> _Exercise description_: Pictures stay out of the output. Return exactly the lines below from the one with "This project combines" down to the one with "Comparing the abundances", both included, and nothing more.

> _Data provided_:
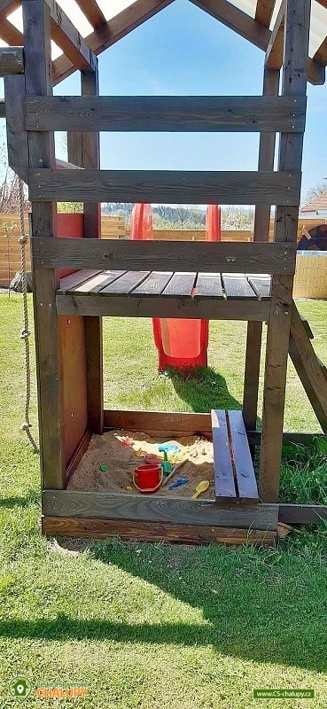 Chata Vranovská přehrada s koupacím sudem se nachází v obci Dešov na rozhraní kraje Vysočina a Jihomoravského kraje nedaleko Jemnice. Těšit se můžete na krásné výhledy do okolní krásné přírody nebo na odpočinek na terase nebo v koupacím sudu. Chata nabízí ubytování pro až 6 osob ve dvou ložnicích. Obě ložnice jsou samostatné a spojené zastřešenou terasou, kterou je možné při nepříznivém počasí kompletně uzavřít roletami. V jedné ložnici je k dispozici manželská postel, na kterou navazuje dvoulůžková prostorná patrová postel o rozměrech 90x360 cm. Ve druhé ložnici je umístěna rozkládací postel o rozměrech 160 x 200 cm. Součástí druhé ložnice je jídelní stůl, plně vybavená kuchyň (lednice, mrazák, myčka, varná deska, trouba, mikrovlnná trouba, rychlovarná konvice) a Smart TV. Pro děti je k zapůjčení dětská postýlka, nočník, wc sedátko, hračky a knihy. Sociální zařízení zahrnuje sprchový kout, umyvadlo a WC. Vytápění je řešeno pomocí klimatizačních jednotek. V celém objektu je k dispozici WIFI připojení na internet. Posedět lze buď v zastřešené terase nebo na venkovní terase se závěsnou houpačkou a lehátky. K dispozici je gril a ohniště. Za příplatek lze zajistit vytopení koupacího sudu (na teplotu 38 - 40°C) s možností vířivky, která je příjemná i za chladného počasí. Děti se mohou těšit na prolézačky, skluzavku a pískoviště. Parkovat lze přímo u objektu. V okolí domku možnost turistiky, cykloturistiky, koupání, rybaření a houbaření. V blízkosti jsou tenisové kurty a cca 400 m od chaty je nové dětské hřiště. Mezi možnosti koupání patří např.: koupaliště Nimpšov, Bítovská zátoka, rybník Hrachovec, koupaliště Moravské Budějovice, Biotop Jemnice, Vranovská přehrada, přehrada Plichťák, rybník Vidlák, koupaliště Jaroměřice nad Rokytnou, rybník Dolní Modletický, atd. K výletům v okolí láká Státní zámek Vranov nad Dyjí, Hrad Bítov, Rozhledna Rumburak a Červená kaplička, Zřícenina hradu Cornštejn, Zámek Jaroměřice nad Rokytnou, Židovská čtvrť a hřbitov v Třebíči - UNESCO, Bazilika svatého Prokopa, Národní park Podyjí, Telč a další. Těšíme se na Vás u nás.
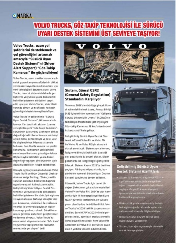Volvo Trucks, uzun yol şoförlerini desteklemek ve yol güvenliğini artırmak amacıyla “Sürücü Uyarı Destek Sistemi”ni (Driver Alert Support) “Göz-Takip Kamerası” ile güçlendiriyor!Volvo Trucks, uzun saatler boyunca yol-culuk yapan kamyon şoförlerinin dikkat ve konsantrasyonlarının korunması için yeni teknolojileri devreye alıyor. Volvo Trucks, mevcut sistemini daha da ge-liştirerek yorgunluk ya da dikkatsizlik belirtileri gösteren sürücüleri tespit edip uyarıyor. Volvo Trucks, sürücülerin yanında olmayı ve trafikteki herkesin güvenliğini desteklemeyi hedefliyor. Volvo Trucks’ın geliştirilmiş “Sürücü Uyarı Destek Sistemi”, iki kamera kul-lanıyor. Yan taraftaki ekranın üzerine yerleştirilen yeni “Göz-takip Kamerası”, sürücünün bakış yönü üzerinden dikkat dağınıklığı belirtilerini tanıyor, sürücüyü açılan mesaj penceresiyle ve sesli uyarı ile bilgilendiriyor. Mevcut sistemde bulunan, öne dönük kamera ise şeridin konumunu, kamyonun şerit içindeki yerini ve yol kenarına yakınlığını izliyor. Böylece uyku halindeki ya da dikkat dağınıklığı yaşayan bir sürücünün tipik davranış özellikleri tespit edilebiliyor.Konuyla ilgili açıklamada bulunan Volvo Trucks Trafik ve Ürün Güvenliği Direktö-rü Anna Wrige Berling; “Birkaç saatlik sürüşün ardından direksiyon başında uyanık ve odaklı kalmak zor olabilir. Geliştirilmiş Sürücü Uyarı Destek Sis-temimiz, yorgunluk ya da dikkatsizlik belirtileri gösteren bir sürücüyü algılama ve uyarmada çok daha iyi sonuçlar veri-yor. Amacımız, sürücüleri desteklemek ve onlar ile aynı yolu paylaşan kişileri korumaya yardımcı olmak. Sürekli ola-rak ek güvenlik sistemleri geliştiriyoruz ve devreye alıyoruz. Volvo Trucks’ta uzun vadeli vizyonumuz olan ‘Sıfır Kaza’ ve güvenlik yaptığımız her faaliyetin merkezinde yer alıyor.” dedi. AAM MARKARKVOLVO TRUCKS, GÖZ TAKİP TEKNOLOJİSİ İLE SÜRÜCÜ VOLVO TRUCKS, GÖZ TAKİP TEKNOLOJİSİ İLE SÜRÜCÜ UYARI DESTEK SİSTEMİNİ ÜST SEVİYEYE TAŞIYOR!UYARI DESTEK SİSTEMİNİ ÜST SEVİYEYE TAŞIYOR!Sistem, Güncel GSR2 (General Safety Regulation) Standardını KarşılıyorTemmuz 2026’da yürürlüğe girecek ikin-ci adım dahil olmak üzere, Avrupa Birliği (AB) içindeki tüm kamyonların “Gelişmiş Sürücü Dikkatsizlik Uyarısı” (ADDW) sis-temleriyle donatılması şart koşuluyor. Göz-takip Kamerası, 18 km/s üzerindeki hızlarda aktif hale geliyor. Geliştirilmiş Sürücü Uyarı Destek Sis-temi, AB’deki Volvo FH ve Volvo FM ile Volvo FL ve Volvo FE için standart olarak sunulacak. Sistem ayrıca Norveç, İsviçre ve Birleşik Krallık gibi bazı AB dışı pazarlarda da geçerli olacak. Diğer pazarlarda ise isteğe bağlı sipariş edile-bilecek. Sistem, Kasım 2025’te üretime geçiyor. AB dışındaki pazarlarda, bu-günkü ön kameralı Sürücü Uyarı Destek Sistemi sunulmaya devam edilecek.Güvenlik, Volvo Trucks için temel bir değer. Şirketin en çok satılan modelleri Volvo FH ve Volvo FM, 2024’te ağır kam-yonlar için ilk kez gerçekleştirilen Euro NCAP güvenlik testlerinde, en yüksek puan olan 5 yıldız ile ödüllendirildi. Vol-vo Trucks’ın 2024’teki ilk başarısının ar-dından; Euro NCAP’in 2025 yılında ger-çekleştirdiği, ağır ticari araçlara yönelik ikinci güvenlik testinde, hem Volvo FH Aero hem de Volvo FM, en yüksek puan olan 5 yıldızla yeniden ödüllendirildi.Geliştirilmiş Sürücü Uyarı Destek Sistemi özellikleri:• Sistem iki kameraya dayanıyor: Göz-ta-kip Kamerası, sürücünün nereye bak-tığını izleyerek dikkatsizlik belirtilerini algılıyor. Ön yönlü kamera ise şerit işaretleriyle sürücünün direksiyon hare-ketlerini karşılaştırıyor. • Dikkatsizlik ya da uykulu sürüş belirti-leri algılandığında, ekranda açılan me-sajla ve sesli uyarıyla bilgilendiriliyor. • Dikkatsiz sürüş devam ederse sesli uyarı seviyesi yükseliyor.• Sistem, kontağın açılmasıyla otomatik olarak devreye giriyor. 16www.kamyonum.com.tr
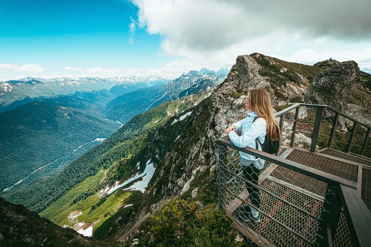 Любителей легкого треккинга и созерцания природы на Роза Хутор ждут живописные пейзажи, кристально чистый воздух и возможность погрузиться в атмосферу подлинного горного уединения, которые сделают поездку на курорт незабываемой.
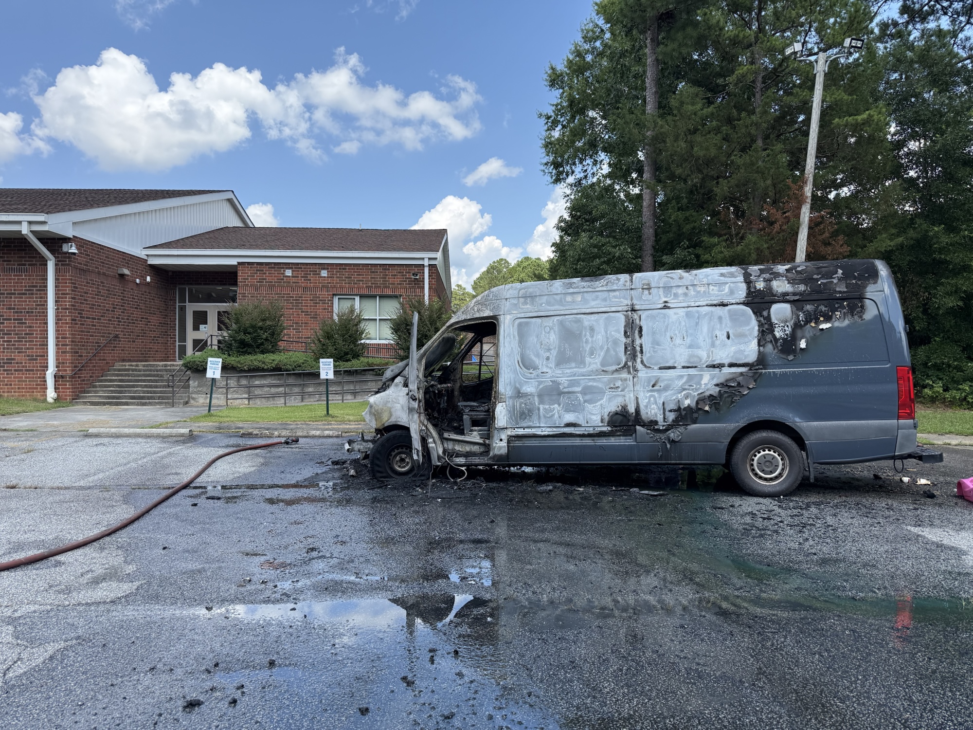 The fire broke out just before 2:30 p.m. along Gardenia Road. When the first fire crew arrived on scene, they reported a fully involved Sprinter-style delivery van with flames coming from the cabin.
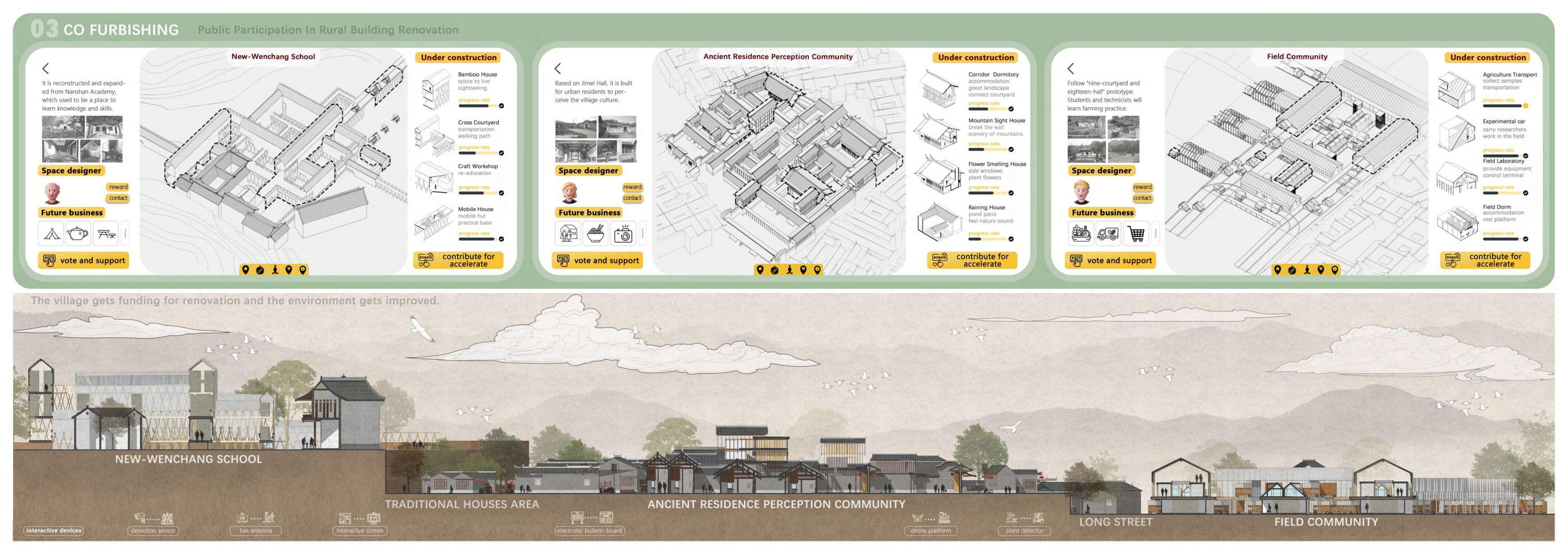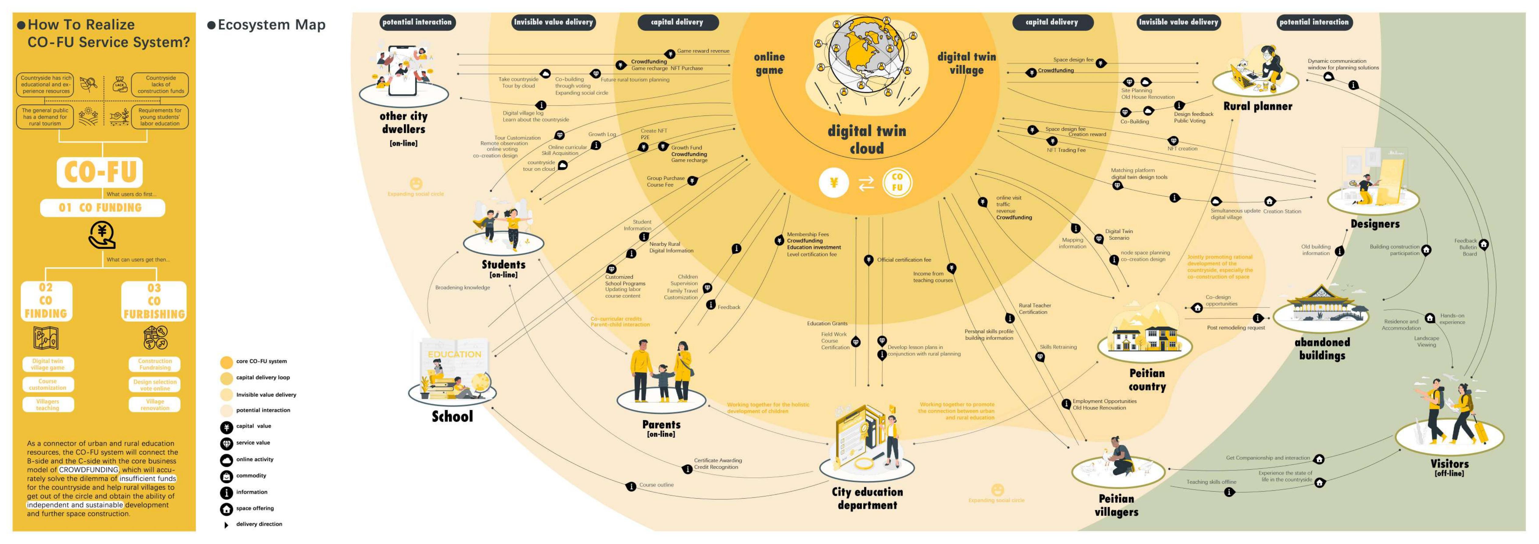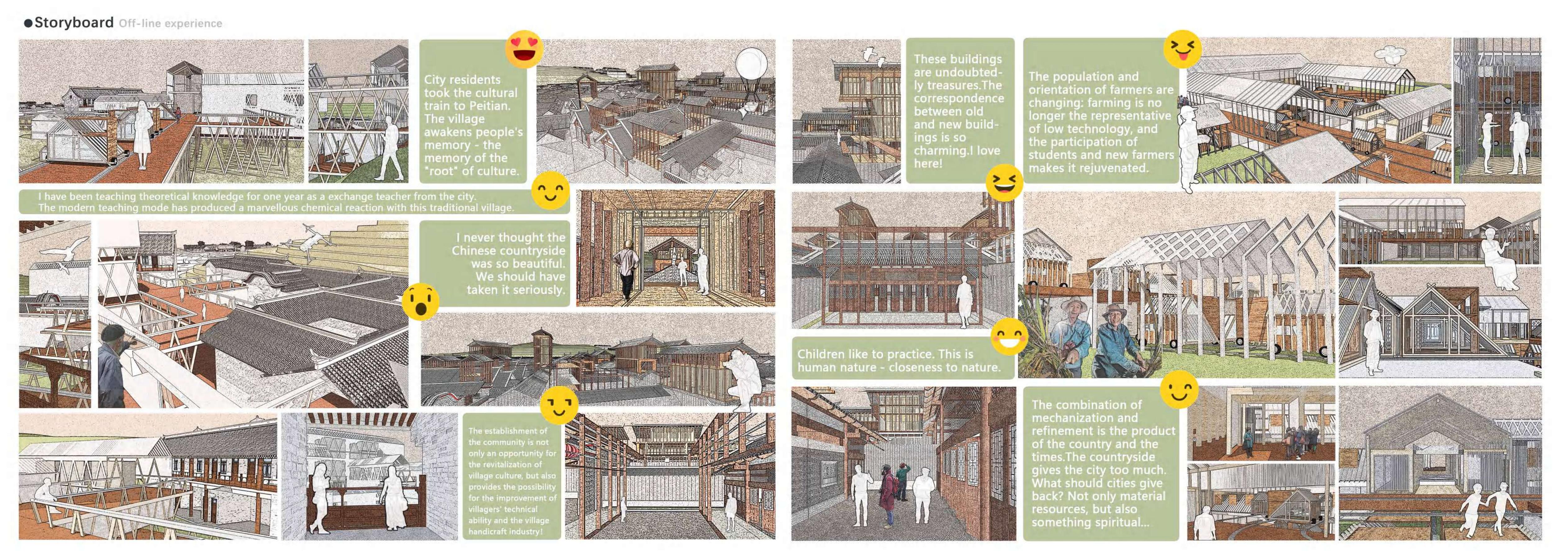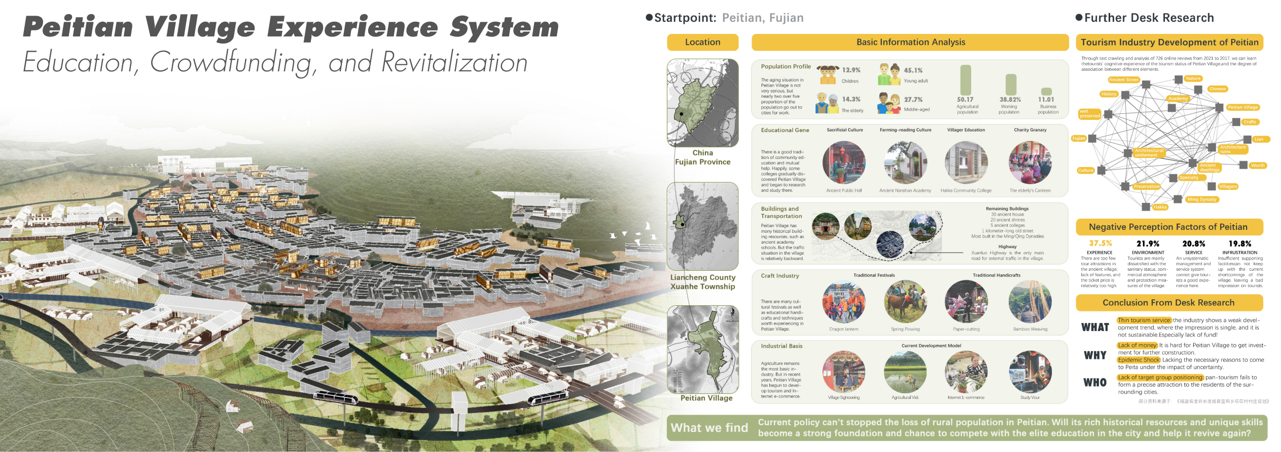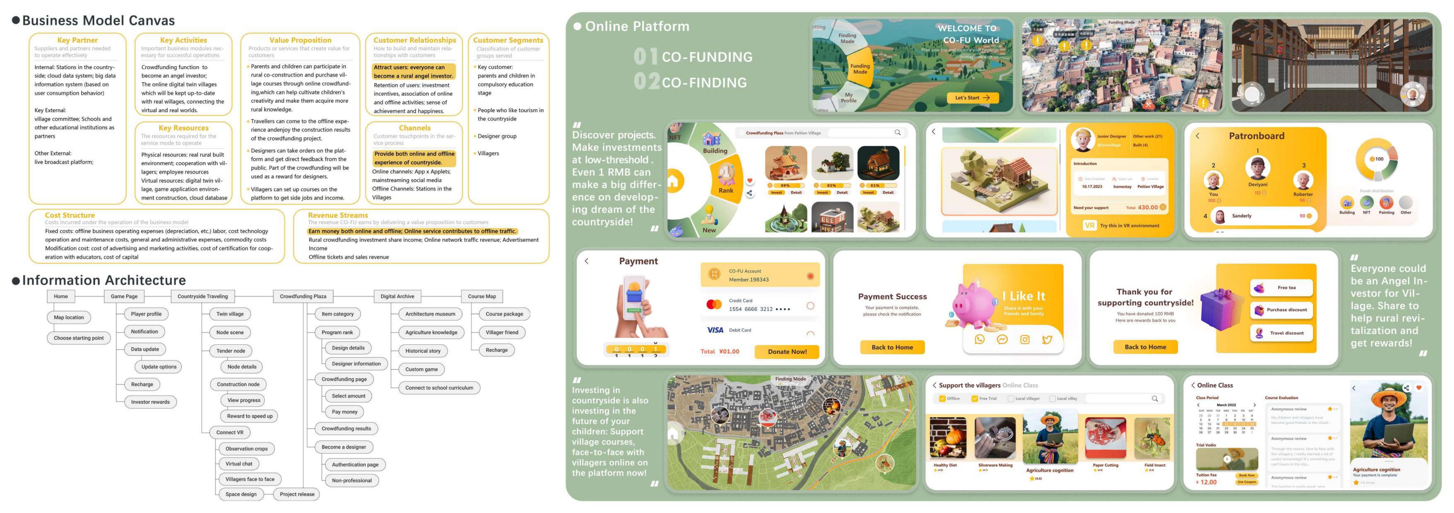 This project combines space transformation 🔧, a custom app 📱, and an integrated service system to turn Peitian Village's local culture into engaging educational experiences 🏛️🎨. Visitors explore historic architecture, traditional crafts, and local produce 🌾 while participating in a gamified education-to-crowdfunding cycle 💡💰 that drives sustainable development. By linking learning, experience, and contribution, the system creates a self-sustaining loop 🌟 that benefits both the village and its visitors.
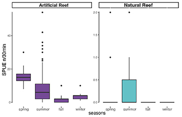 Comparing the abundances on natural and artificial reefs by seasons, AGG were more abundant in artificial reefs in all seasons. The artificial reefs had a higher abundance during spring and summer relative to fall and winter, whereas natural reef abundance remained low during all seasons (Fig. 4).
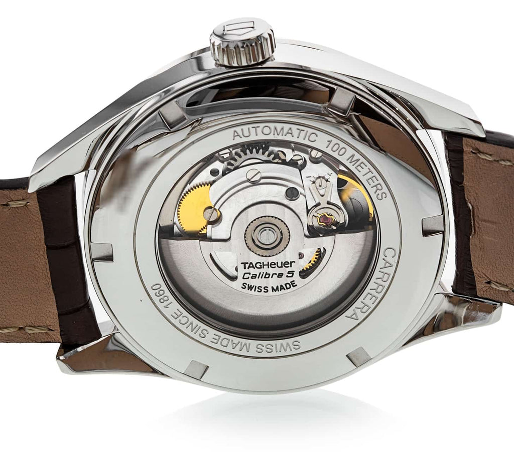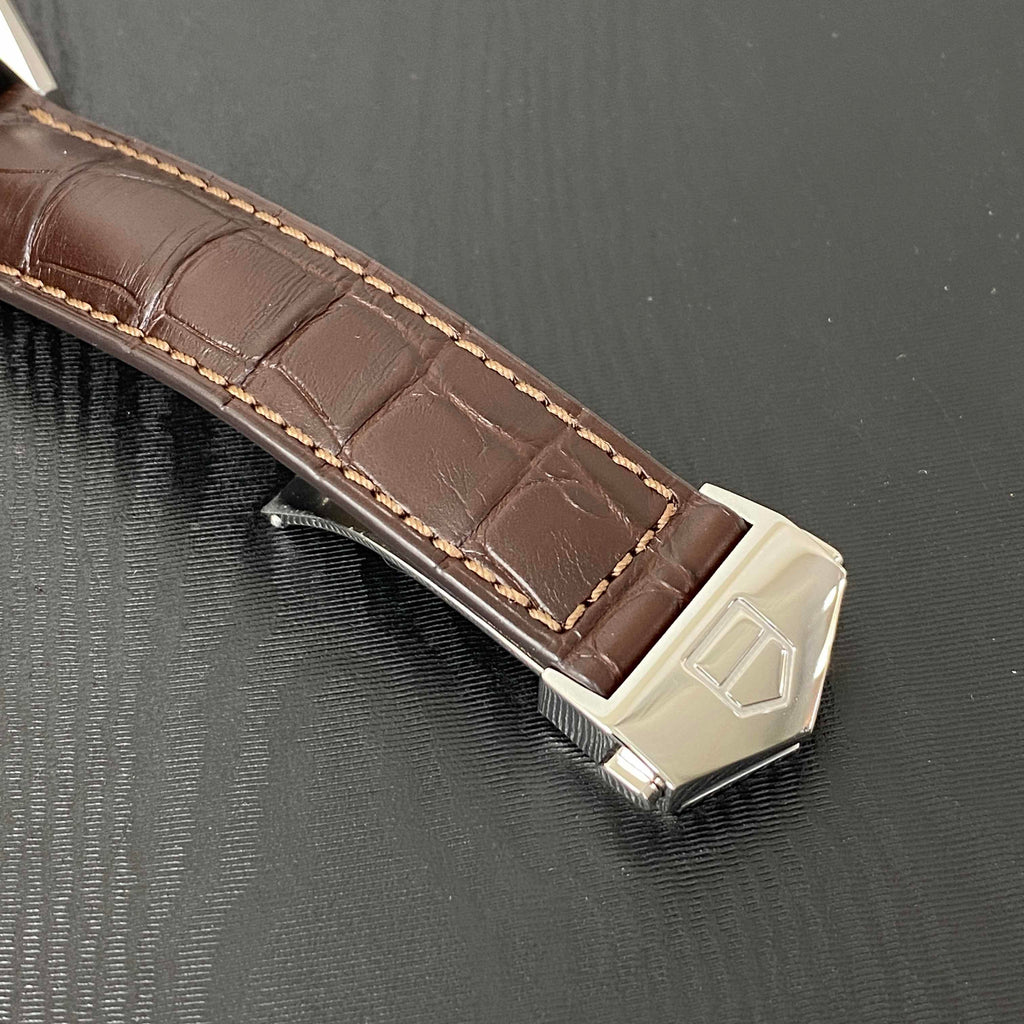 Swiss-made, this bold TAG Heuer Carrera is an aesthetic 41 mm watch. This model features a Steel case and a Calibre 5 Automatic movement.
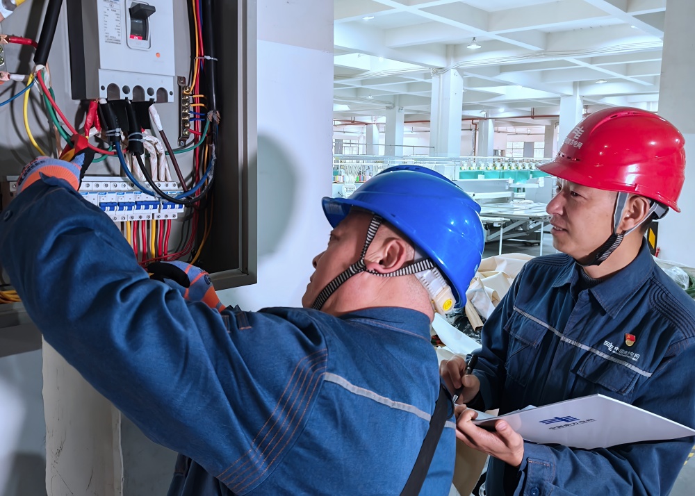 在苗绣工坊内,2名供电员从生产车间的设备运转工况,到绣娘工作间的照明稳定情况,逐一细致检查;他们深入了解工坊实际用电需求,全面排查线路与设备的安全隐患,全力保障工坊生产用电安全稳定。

> _Your response_:
 This project combines space transformation 🔧, a custom app 📱, and an integrated service system to turn Peitian Village's local culture into engaging educational experiences 🏛️🎨. Visitors explore historic architecture, traditional crafts, and local produce 🌾 while participating in a gamified education-to-crowdfunding cycle 💡💰 that drives sustainable development. By linking learning, experience, and contribution, the system creates a self-sustaining loop 🌟 that benefits both the village and its visitors.
 Comparing the abundances on natural and artificial reefs by seasons, AGG were more abundant in artificial reefs in all seasons. The artificial reefs had a higher abundance during spring and summer relative to fall and winter, whereas natural reef abundance remained low during all seasons (Fig. 4).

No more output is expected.